- Information provided
^^^^
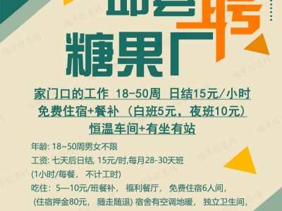 日结15元/小时免费住宿+餐补 (白班5元, 夜班10元)
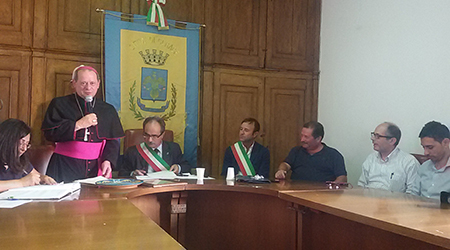 Queste le motivazioni contenute nella pergamena che il sindaco di Gerace, Giuseppe Varacalli, ha consegnato al vescovo di Locri-Gerace, mons. Francesco Oliva, durante la seduta straordinaria del Consiglio Comunale convocata per il conferimento dell’onorificenza. Alla seduta hanno presenziato insieme con le massime autorità territoriali dei Carabinieri e della Polizia di Stato, anche il sindaco di Papasidero (CS), paese natale di mons. Oliva, Fiorenzo Conte e, nella qualità di delegato del primo cittadino di Locri, Giovanni Calabrese, il presidente di quel consiglio comunale, Domenico Maio. Presenti, altresì, il vicario generale della Diocesi, mons. Cornelio Femia, il decano del Capitolo Cattedrale, mons. Francesco Laganà ed il parroco della Cattedrale di Gerace, don Piero Romeo, rappresentanti dell’Anc “Sez. D. Saraceno” di Gerace ed altri sodalizi culturali, l’on. Giuseppe Fimognari, già senatore e per varie consiliature sindaco del nuovo “Rinascimento” di Gerace. Espressioni di compiacimento e di condivisione per il conferimento della cittadinanza onoraria hanno riservato per il vescovo Oliva il consigliere di minoranza Angelo Gratteri, il direttore del Museo Diocesano, Giacomo Oliva, il vicario mons. Femia, il sindaco di Papasidero, Conte ed il presidente del civico consesso locrese, Maio. Il sindaco di Gerace ha quindi fatto omaggio al presule di Locri-Gerace, di un pregevole piatto (pezzo unico dipinto a mano), realizzato dal famoso artista Tony Custureri, riproducente lo stemma della città, secondo una tecnica ispirata alle ceramiche geracesi del XII secolo. Ringraziando per l’onorificenza conferitagli, mons. Oliva ha rivolto ai geracesi il seguente messaggio: “Ai Cittadini di Gerace salute e benedizione dal Signore! Posso da oggi considerarmi Vostro concittadino, anche se “onorario”. Lo dico con il cuore e l’affetto, che da subito ho provato per questa storica e bella cittadina. Mi onoro da questa sera di appartenere ad uno dei sette borghi più belli d’Italia. Lo sarò come Vescovo della Diocesi di Locri-Gerace, che ha visto la sua ordinazione episcopale nella solenne, storica e bella Cattedrale di Gerace, un monumento d’arte, indiscutibile testimone del percorso storico di questa nostra Chiesa. Confesso che da subito ho iniziato ad amarla e sento che mi appartiene non per meriti personali, ma per una predilezione dell’amore di Dio. So che il conferimento della cittadinanza onoraria non risponde ad alcun merito da parte mia. L’aver designato la Cattedrale di Gerace come luogo della mia ordinazione è stato solo per una scelta che rende onore ad una Chiesa ed ad una cittadina che si è costruita intorno alla “cittadella episcopale” e che ha saputo costruire la sua storia saldamente ancorata ad una tradizione di fede, che rimane indelebilmente scolpita nei suoi tantissimi monumenti sacri. Il riconoscimento che Questa Amministrazione Comunale, che ringrazio, ha voluto conferirmi mi onora al di là di ogni aspettativa. Ne avverto la responsabilità. Sento d’ora in avanti di poter condividere l’amore per una Città che fa dell’arte, della storia e della cultura un motivo d’attrazione, una missione ed una risorsa in più per il suo futuro sviluppo. Nel primo Anniversario dell’ordinazione episcopale, 20 luglio 2015”. Subito dopo mons. Oliva ha presieduto una solenne concelebrazione eucaristica nella Cattedrale di Gerace, la stessa in cui, il 20 luglio dello scorso anno, per sua scelta venne ordinato vescovo.
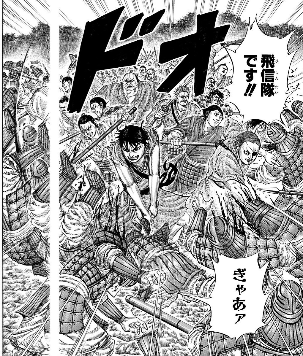 When the Battle at Dakan Plains started they charge the Wei who was using the Rock Formation, but Shin runs to very front and jumps over the formation killing a great number of Wei and opening a path for the Qin.
^^^^
- Task prompt
Give back the whole of the material exactly, with the pictures removed.

- Reply
 日结15元/小时免费住宿+餐补 (白班5元, 夜班10元)
 Queste le motivazioni contenute nella pergamena che il sindaco di Gerace, Giuseppe Varacalli, ha consegnato al vescovo di Locri-Gerace, mons. Francesco Oliva, durante la seduta straordinaria del Consiglio Comunale convocata per il conferimento dell’onorificenza. Alla seduta hanno presenziato insieme con le massime autorità territoriali dei Carabinieri e della Polizia di Stato, anche il sindaco di Papasidero (CS), paese natale di mons. Oliva, Fiorenzo Conte e, nella qualità di delegato del primo cittadino di Locri, Giovanni Calabrese, il presidente di quel consiglio comunale, Domenico Maio. Presenti, altresì, il vicario generale della Diocesi, mons. Cornelio Femia, il decano del Capitolo Cattedrale, mons. Francesco Laganà ed il parroco della Cattedrale di Gerace, don Piero Romeo, rappresentanti dell’Anc “Sez. D. Saraceno” di Gerace ed altri sodalizi culturali, l’on. Giuseppe Fimognari, già senatore e per varie consiliature sindaco del nuovo “Rinascimento” di Gerace. Espressioni di compiacimento e di condivisione per il conferimento della cittadinanza onoraria hanno riservato per il vescovo Oliva il consigliere di minoranza Angelo Gratteri, il direttore del Museo Diocesano, Giacomo Oliva, il vicario mons. Femia, il sindaco di Papasidero, Conte ed il presidente del civico consesso locrese, Maio. Il sindaco di Gerace ha quindi fatto omaggio al presule di Locri-Gerace, di un pregevole piatto (pezzo unico dipinto a mano), realizzato dal famoso artista Tony Custureri, riproducente lo stemma della città, secondo una tecnica ispirata alle ceramiche geracesi del XII secolo. Ringraziando per l’onorificenza conferitagli, mons. Oliva ha rivolto ai geracesi il seguente messaggio: “Ai Cittadini di Gerace salute e benedizione dal Signore! Posso da oggi considerarmi Vostro concittadino, anche se “onorario”. Lo dico con il cuore e l’affetto, che da subito ho provato per questa storica e bella cittadina. Mi onoro da questa sera di appartenere ad uno dei sette borghi più belli d’Italia. Lo sarò come Vescovo della Diocesi di Locri-Gerace, che ha visto la sua ordinazione episcopale nella solenne, storica e bella Cattedrale di Gerace, un monumento d’arte, indiscutibile testimone del percorso storico di questa nostra Chiesa. Confesso che da subito ho iniziato ad amarla e sento che mi appartiene non per meriti personali, ma per una predilezione dell’amore di Dio. So che il conferimento della cittadinanza onoraria non risponde ad alcun merito da parte mia. L’aver designato la Cattedrale di Gerace come luogo della mia ordinazione è stato solo per una scelta che rende onore ad una Chiesa ed ad una cittadina che si è costruita intorno alla “cittadella episcopale” e che ha saputo costruire la sua storia saldamente ancorata ad una tradizione di fede, che rimane indelebilmente scolpita nei suoi tantissimi monumenti sacri. Il riconoscimento che Questa Amministrazione Comunale, che ringrazio, ha voluto conferirmi mi onora al di là di ogni aspettativa. Ne avverto la responsabilità. Sento d’ora in avanti di poter condividere l’amore per una Città che fa dell’arte, della storia e della cultura un motivo d’attrazione, una missione ed una risorsa in più per il suo futuro sviluppo. Nel primo Anniversario dell’ordinazione episcopale, 20 luglio 2015”. Subito dopo mons. Oliva ha presieduto una solenne concelebrazione eucaristica nella Cattedrale di Gerace, la stessa in cui, il 20 luglio dello scorso anno, per sua scelta venne ordinato vescovo.
 When the Battle at Dakan Plains started they charge the Wei who was using the Rock Formation, but Shin runs to very front and jumps over the formation killing a great number of Wei and opening a path for the Qin.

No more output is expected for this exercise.